Anyway, I employ a Webmaster, who I will call Phil for the sake of this article.  He is very talented at what he does.  I run several websites, and he manages just about all of them.  Phil is about 25 years old, barely squeaked through high school, and lives off of Taco Bell and Beer.  As much talent as he has, he has no motivation to work, zero, nada.  I have to push him along like a child in every facet, forcing him to complete projects.  He has been working on an upgrade of one of my websites for about 8 months now, with no end in sight.  He is like the painter from the Murphy Brown show that never finished painting Murphy's house (in 10 seasons!), but without the wit, humor and bubbly personality.  If it weren't for the facts that I've been working with him for 4 years, and he is so entrenched in my business, I would have canned him a while ago. 

 

This problem really is that he doesn't get paid until he finishes projects.  He is always broke and all he would need to do is finish projects in a timely manner and he would have a lot of money.  Over the last four years, I've tried explaining this to him, but his excuse is always that he is frustrated.  Frustrated because he hasn't made his millions yet.  Frustrated that he doesn't have a Ferrari, a Condo on the beach (with plasma screens and PlayStations in every room) and a beautiful blonde waiting for him in his bed.  When I tell him that he needs to pay his dues and work his way up, he doesn't comprehend that concept.  For some reason he feels that he was cheated because a genie never appeared and snapped his fingers to make him successful beyond his imagination.  Almost as if success is an entitlement.  I couldn't figure out why he thought this, and then it hit me.

 

He is a by product of the self-esteem generation.  He was raised in an era where schools shifted their concerns from classical education and focused on feeling good about one's self regardless of performance.    Where students were told they can be anything that they want to be, and to reach for the stars, but were never told that there is a long journey to get there.  The journey is forgotten with this generation. 

This is the generation that was raised on playing sports without keeping score as to not hurt the feelings of those that lost.  The first place team , the last pla ce team, and all those in between received trophies as rewards for their participation, regardless of how hard each player tried and how well the team performed.

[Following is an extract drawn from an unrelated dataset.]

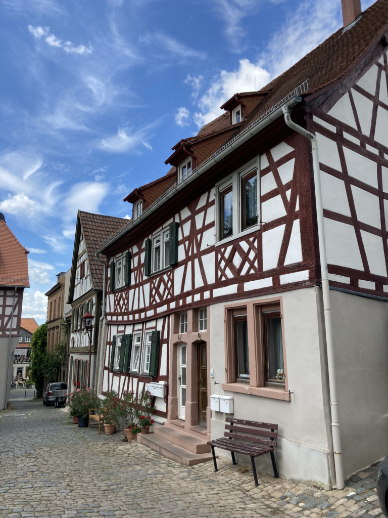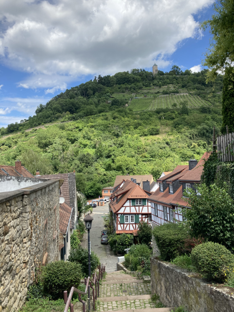 Vi fandt parkering i Heppenheim og gik på udkig efter frokost. Den gamle bydel var meget fin!
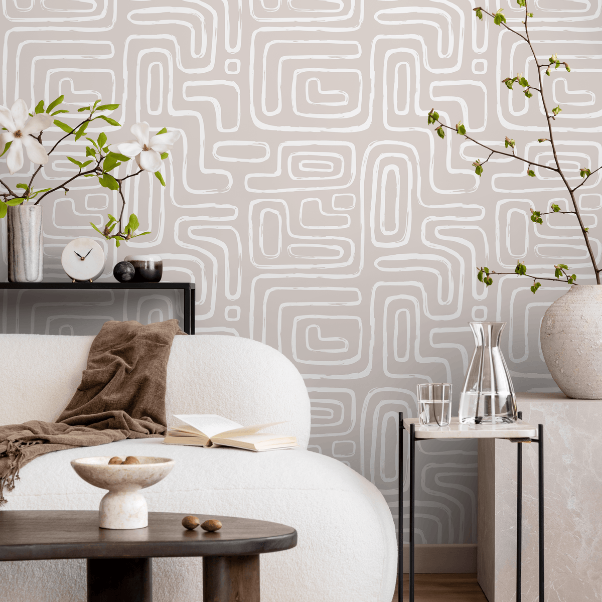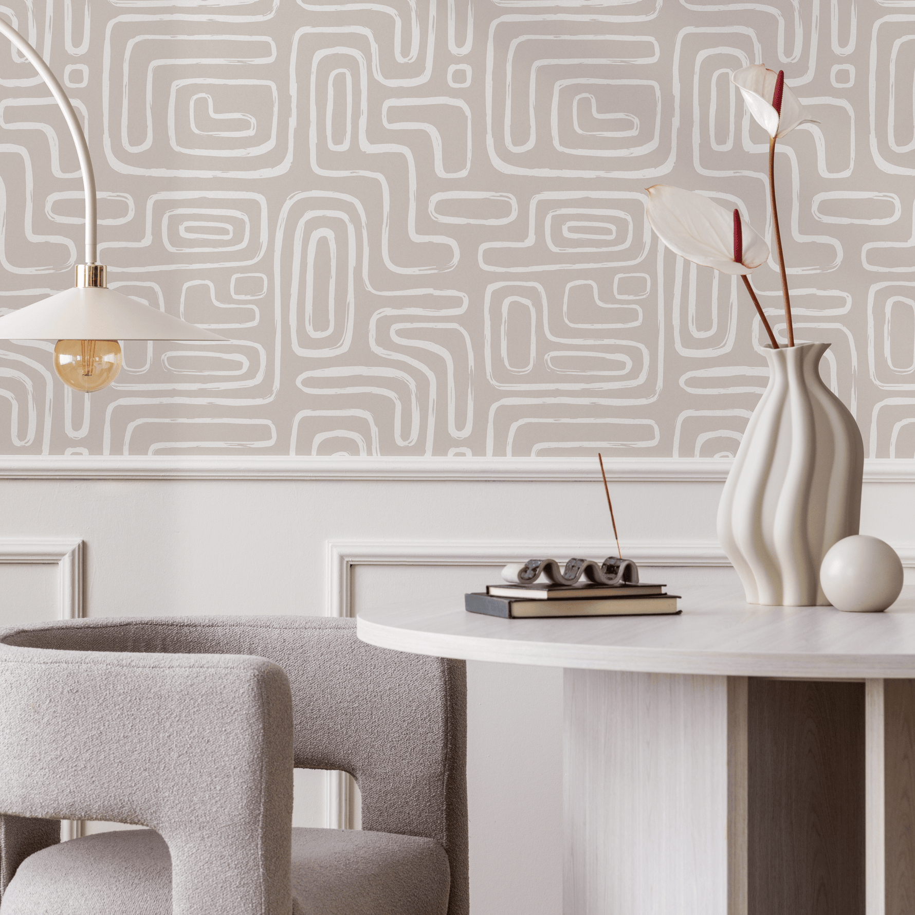 Papel pintado de líneas redondeadas sin costuras, autoadhesivo, extraíble, reposicionable, neutro, minimalista, ligero, abstracto, pinceladas boho modernas - ZAAG

Each team was rewarded equally with positive re-enforcement and there was no victory.  Nothing to strive for, or work hard for.  No Reward.  What is the incentive to perform at your best when the reward is exactly the same for performing at your worst?  Why would someone want to excel to the next level when they are taught that whether they work hard or not, they will get the same results.  They learned that working less will yield the same reward as those that work hard.

 

They were the ones that left school in the tail end of the dot.com era where anyone with a computer made a fortune.  Easy money. 

 

It is no wonder that Phil will continue to sulk in his own anger that the silver platter he was promised was never handed to him., and unfortunately he will be a victim of the instant gratification generation that was told they can be all they want to be, but never told that they had to work hard to achieve it.   I don't know if he can cope with the fact that the lies told to him growing up that he will have success no matter what effort he commits doesn't apply to the real world.  

 

As critical as I am of this generation of what some people call the "quarter lifers," I am sure the generation before mine thought we were slackers, too.  What happened to our old fashioned American roots of hard labor reaps rewards, instead of "working smarter not harder" which is turning out to be this generations biggest lie.